The city also had prepared a market rate appraisal of the city-owned land. That appraisal came in at $8.8 million. That’s an estimate, too. But the market rate appraisal was based on six recent comparable sales of commercial property downtown. It was also independently corroborated by four different local commercial real estate brokers.
Surprisingly, the council majority and city staff decided not to use the $8.8 million market rate appraisal at all in negotiations with the Copelands. The city decided only to use the $3.7 million reuse value.
I think most of us would expect that if there were two different estimates for the value of a piece of property — one high, one low — both estimates would be used in negotiations. We would probably also expect the final negotiated price to end up somewhere between those two numbers.
So what price should the city have negotiated for its property? I think $5.5 million. I get to that number in two ways.
First, the market rate appraisal determined the former public works building and land is worth $2.9 million as is. Add to that the $2.6 million parking in lieu fee owed by the Copelands to replace the parking lost when the city lots are converted to other use. Together you get $5.5 million.
Second, the current city-Copelands agreement which expires on July 3 values the city-owned property at $3 million, not counting the $2.6 million in lieu fee.
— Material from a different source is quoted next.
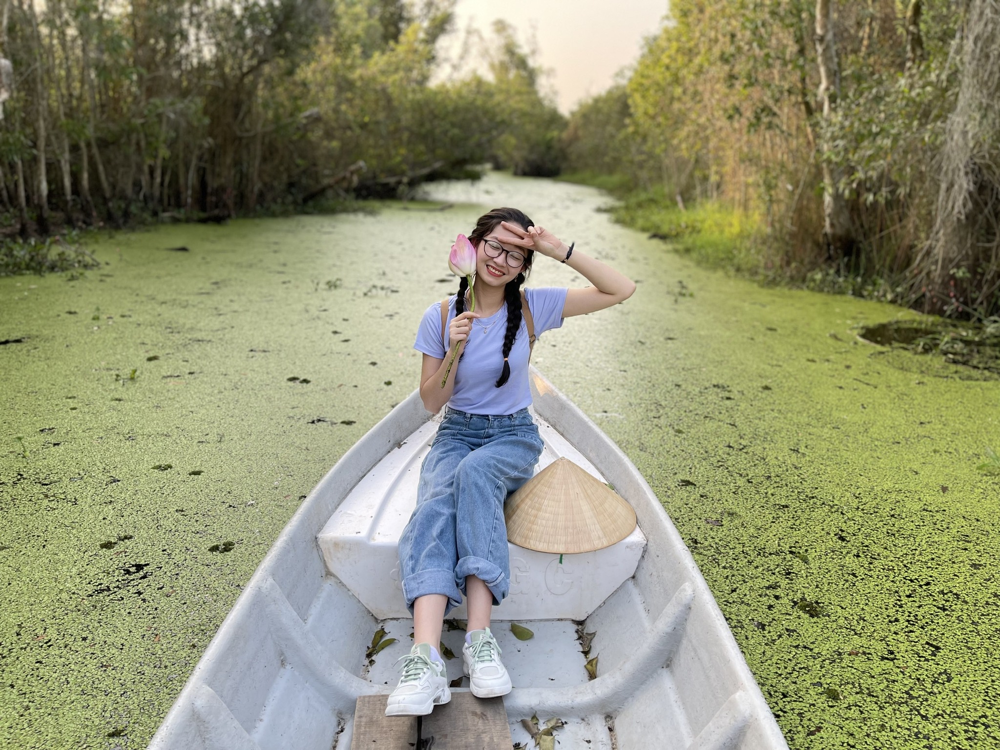 Chiều: Quý khách đến với khu du lịch làng Nổi Tân Lập, bắt đầu hành trình ngồi xuồng tham quan, khám phá rừng tràm, nghe hướng dẫn viên thuyết minh suốt chặng hành trình. Check in tại Cầu chữ X và Hồ Bán Nguyệt, ngắm nhìn toàn cảnh làng nổi Tân Lập tại vị trí tháp quan sát…

That’s $5.6 million combined.
Incidentally, the Copelands made $177,000 in option payments on the current agreement. The city is entitled to keep that money because the Copelands could not obtain building permits before July 3. Instead, the city is allowing the money to rollover to the new agreement, even though it has a lower purchase price.
Once again, I support the Copeland Chinatown project in general. I cannot support the $3.7 million negotiated price for the city-owned land.